Last edited: Jun 9, 2017
2. Jun 9, 2017

### Staff: Mentor

Yes.
Yes.
Why open spheres? The usual charts are the two stereographic projections from the poles.

I don't understand what you want in $\mathbb{R}^2$. The circle is one dimensional, so $\mathbb{R}^1$ is the Euclidean space of choice. Draw a line from the northpole through a point of the circle until you reach the $x-$axis ($\mathbb{R}^1$) and you get on the $x-$axis the homeomorphic Euclidean chart. For the points below the $x-$axis do the same from the south pole. This gives you the two charts you need.

3. Jun 9, 2017

### davidge

This is a very easy way to show that $\mathbb{S}^1$ minus one of its points is homeomorphic to $\mathbb{R}$. But is there a way of showing that by using open "1-dimensional spheres"?
Just to see how the proof works if we use open spheres.
I see

4. Jun 9, 2017

### Staff: Mentor

A sphere isn't flat, Euclidean spaces are. Additionally why replace one sphere by another? With which goal? Of course you can as well use many small sections of tangents as charts, similar to ordinary atlases in the real world. This decreases the error to the price of more charts.

5. Jun 9, 2017

### WWGD

Just look at arcs about a point. They are twisted open intervals in the line. The twisting is " gentle-enough" to preserve (smooth, not just topological) equivalence with the Reals; no corners, nothing too nasty. EDIT: though the cricle is homeomorphic, though not diffeomorphic with a square (in standard embedding, differentiable structure)

6. Jun 9, 2017

### WWGD

On top of the local homeomorphism that must exist, this local homeomorphisms, must be "glued " to each other nicely-enough. You may say that a manifold is just a collection of Euclidean parts glued in/with "nice-enough" maps.

7. Jun 10, 2017

### lavinia

Here is another way to show that spheres are manifolds. Take the standard $n$-sphere of radius 1 centered at the origin of $R^{n+1}$ Project the northern hemisphere onto the open unit disk in $R^{n}$ by dropping the last coordinate. (For the 2-sphere in $R^3$ one would drop the z coordinate.) This is a coordinate neighborhood of the north pole. Now take any other point on the sphere and rotate the sphere so that this point moves to the north pole. Follow this rotation by the same projection.

- For the 2-sphere considered as the Riemann sphere, the two charts may be chosen to be $z$ and $1/z$ .

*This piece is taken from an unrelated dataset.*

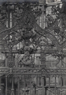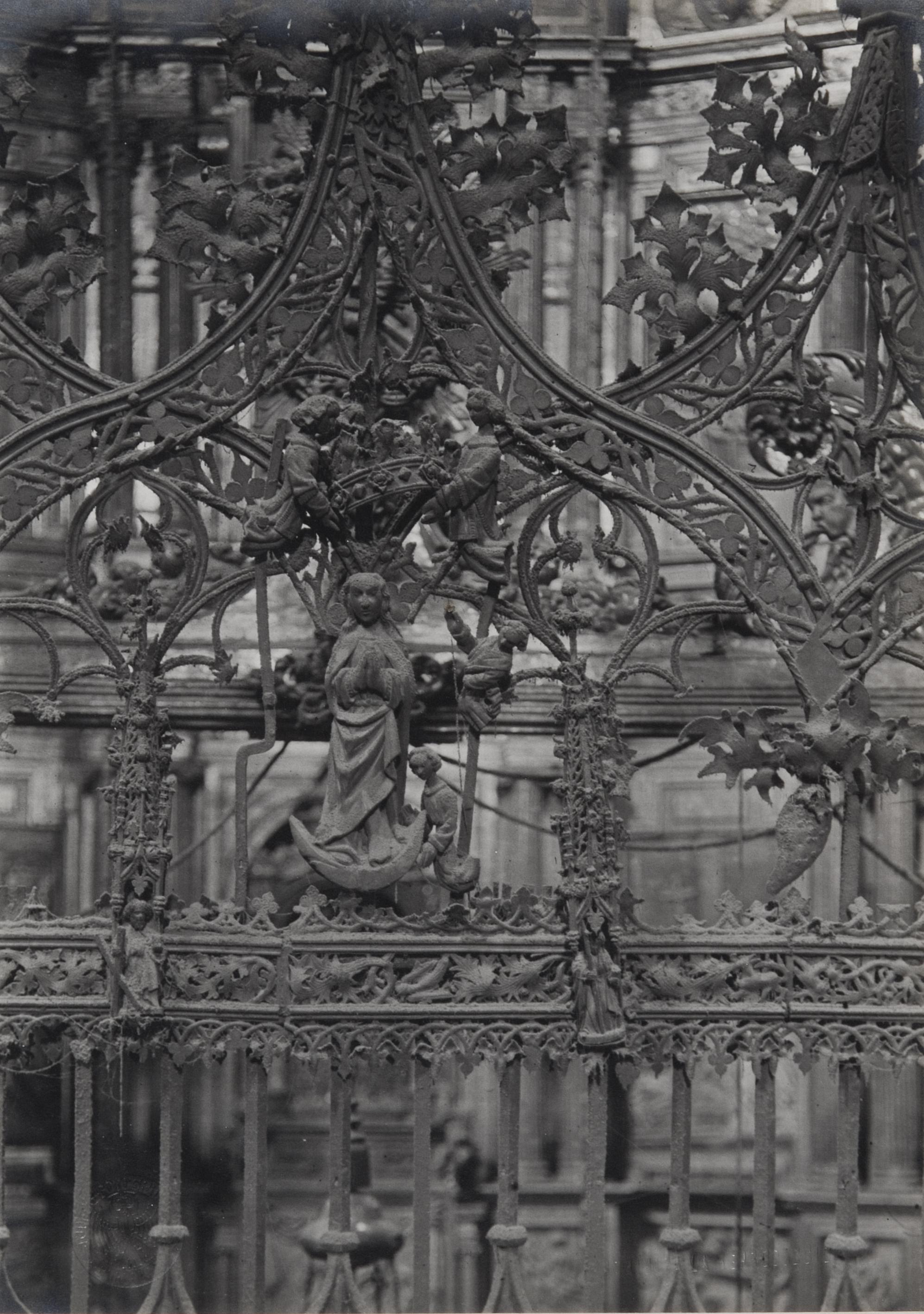 En el anverso, ángulo inferior izquierdo, sello seco del "ESTUDI DE FOTOGRAFIA MAS. BARCELONA". Fotografía instalada sobre soporte secundario encuadernado (tomo 17). En el reverso, ficha impresa del "Museo Iconográfico del Reino" promovido por la Diputación Foral, con anotaciones manuscritas de localización ["Catedral. Verja del altar mayor. Detalle. La coronación de la Virgen"]. La reja fue elaborada en 1517 por Guillermo Erbenat.

- As you may know from calculus of several variables, the Implicit Function Theorem says that if $f$ is a smooth function defined on $R^{n+1}$ and its gradient is nowhere zero on the set $f(x) = c$ for some constant $c$, then this set can be locally parameterized by a open region in $R^{n}$. The inverses of these local parameterizations are coordinate charts.

Consider the function defined on $R^{n+1}$, $f(x) = ||x||^2$. For instance in $R^2$ this function is $f(x,y) = x^2+y^2$. A sphere of radius $k$ centered at the origin is the set of points $f(x) = k^2$. Notice that the gradient of $f$ is nowhere zero on this set. So by the Implicit Function Theorem, the sphere is a manifold (actually a smooth manifold).

More generally the Implicit Function Theorem works for a smooth function defined on any manifold not just Euclidean space. For instance stand a torus up on the plane and let $f$ be the height function of each point above the plane. $f$ is smooth and only has four critical points, the top and bottom of the torus - these are the absolute maximum and minimum - and the tops and bottom of the inner circle - these are the two saddle points. Everywhere else $df$ is non-singular. The Implicit Function Theorem guarantees that the points $f(x) = c$ is a 1 dimensional manifold whenever none of the four critical points are in $f^{-1}(c)$.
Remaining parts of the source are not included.